A blog post titled, "Diving into Go by Building a CLI Application" has been making it's rounds of the internet. It uses a small XKCD downloader as the subject. I thought was small and self contained enough, that it'd be interesting to see the same example in Rust!

Updates: Updated on 2021-10-09 to clap v3.0-beta.4

NOTE: This article assumes the reader is at least mildly familiar with Rust.

This will be an almost one to one comparison, however there are slight differences that I will call out as we go along.

We'll call this grab-xkcd since we're dropping the go.

... ( •_•)>⌐■-■ (⌐■_■) ...

$ cargo new grab-xkcd

Overview

The basic structure will be this:

  • A main() function will drive the application, and exit with any error messages
  • An Args struct will hold and control our CLI
  • A XkcdClient struct will hold our logic for making requests and running the application
  • A Comic struct will hold our representation of a single comic
  • A ComicResponse will represent the JSON returned by the XKCD API

CLI

With those components in mind, I like to start all CLI applications by building, or at least stubbing the CLI. This allows me to get a feel for what it's like to use the tool, and often leads to small changes for a better user experience (UX). Granted, we're talking about the CLI here, so UX is on a relative scale, but there is nothing that says a CLI has to be terrible!

As per the other article, we'll accept four arguments:

  • --number: which allows picking a certain comic, or defaults to 0 which the XKCD API defines as the most recent comic
  • --save: to fetch and save the actual comic image to our current directory
  • --output: to allow selecting between JSON or Text representations of our Comic (defaulting to text)
  • --timeout: which allows customizing the request timeout, defaulting to 30 seconds

We can do this all in just a few lines of Rust via the clap crate. For those familiar with the structopt crate, which allows one to define a Rust struct that contains all the CLI logic, as of clap 3.0 that code has been merged together. We will use the 3.0.0-beta.4 release of clap to demonstrate.

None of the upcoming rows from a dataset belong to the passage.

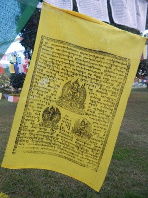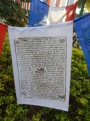 Gebetsflaggen im heiligen Garten von Lumbini.
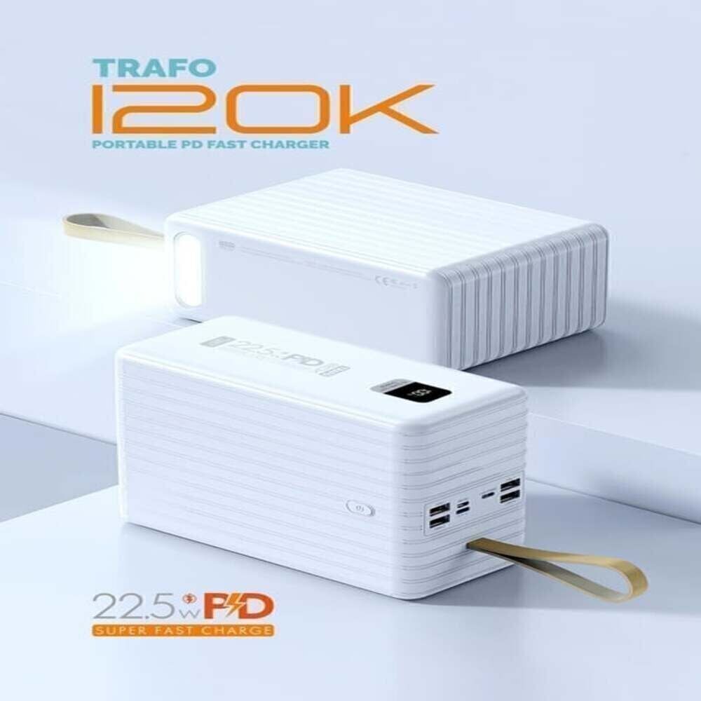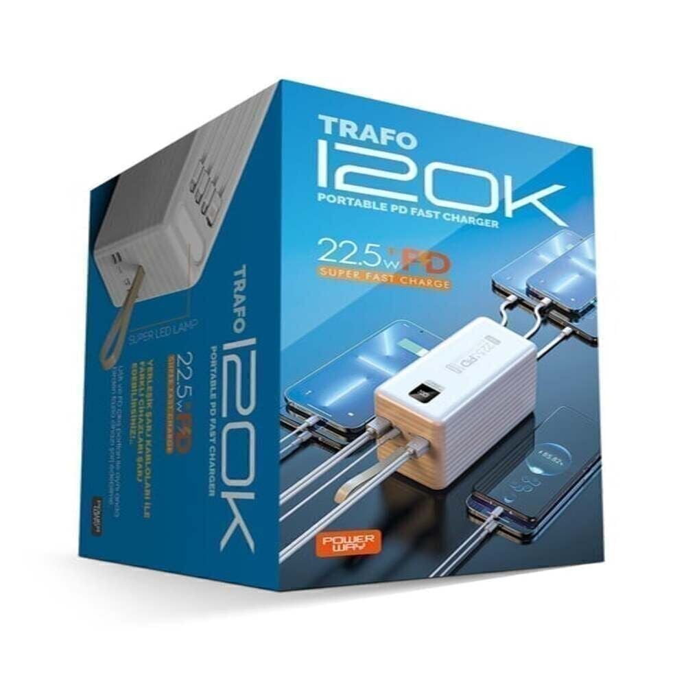 Powerway TRAFO120 Beyaz 120.000 Mah PD 22.5W Dahili Kablolu Hızlı Şarj Işıklı Powerbank
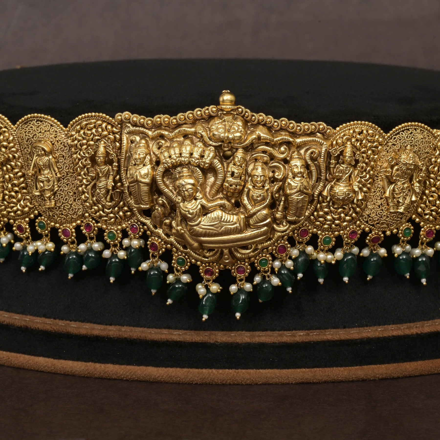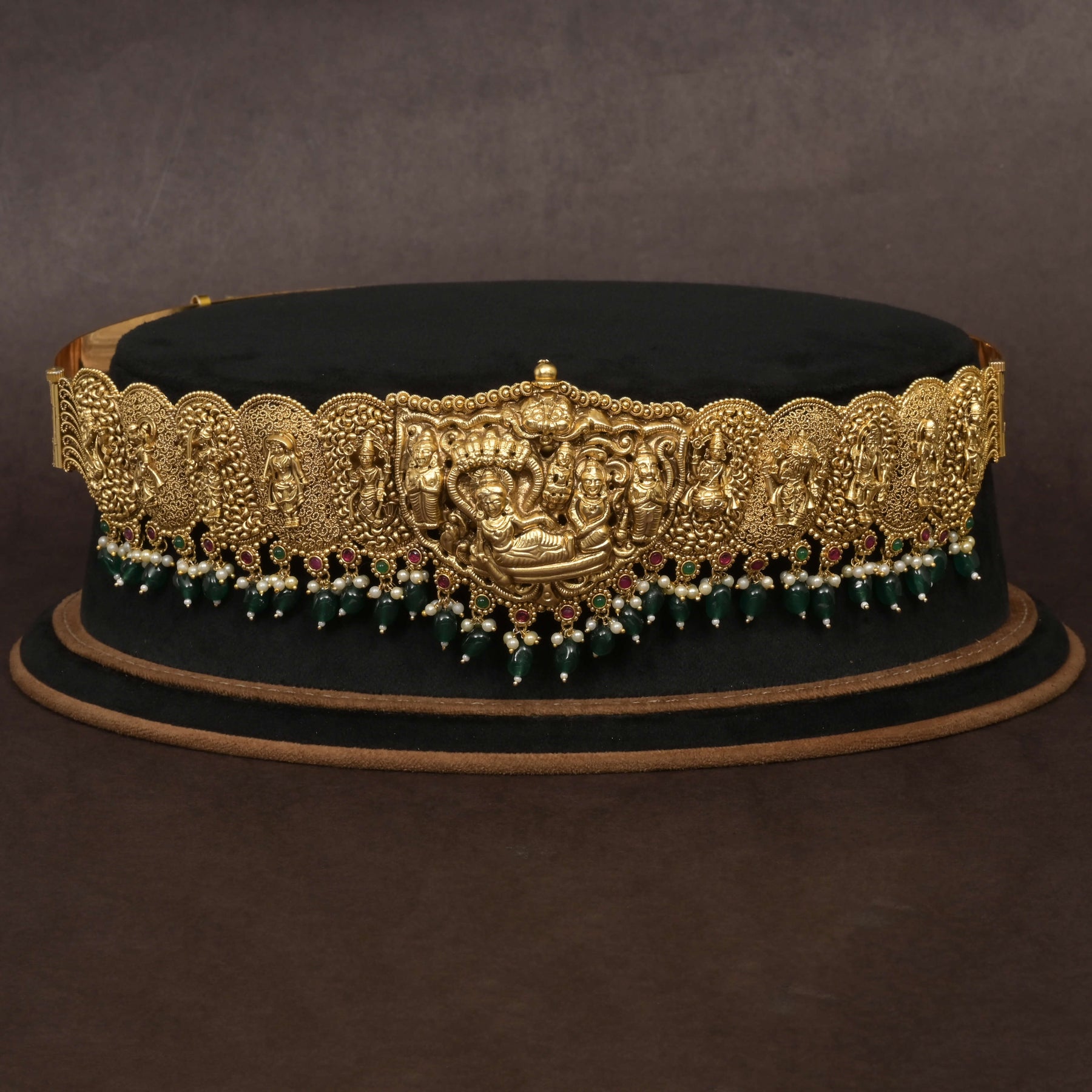 This Temple Vaddanam showcases expert craftsmanship with its intricately handcrafted deity design, symbolizing tradition and artistry. Featuring a rich gold finish that beautifully mimics genuine gold, it is adorned with elegant green pearls that dangle gracefully, adding a touch of vibrant sophistication. Each piece is a unique creation, ensuring you wear a one-of-a-kind accessory that elevates your traditional attire with timeless charm.

We'll use cargo-edit to add our dependencies:

$ cargo add clap --allow-prerelease
    Updating 'https://github.com/rust-lang/crates.io-index' index
      Adding clap v3.0.0-beta.4 to dependencies

Here is our CLI:

use clap::{ArgEnum, Clap};

/// A utility to grab XKCD comics
#[derive(Clap)]
pub struct Args {
    /// Set a connection timeout
    #[clap(long, short, default_value = "30")]
    pub timeout: u64,
    /// Print output in a format
    #[clap(long, short, arg_enum, default_value = "text")]
    pub output: OutFormat,
    /// The comic to load
    #[clap(long, short, default_value = "0")]
    pub num: usize,
    /// Save image file to current directory
    #[clap(long, short)]
    pub save: bool,
}

#[derive(ArgEnum, Copy, Clone)]
pub enum OutFormat {
    Json,
    Text,
}

I'll do a quick walk through of highlights to explain a few differences from the first article.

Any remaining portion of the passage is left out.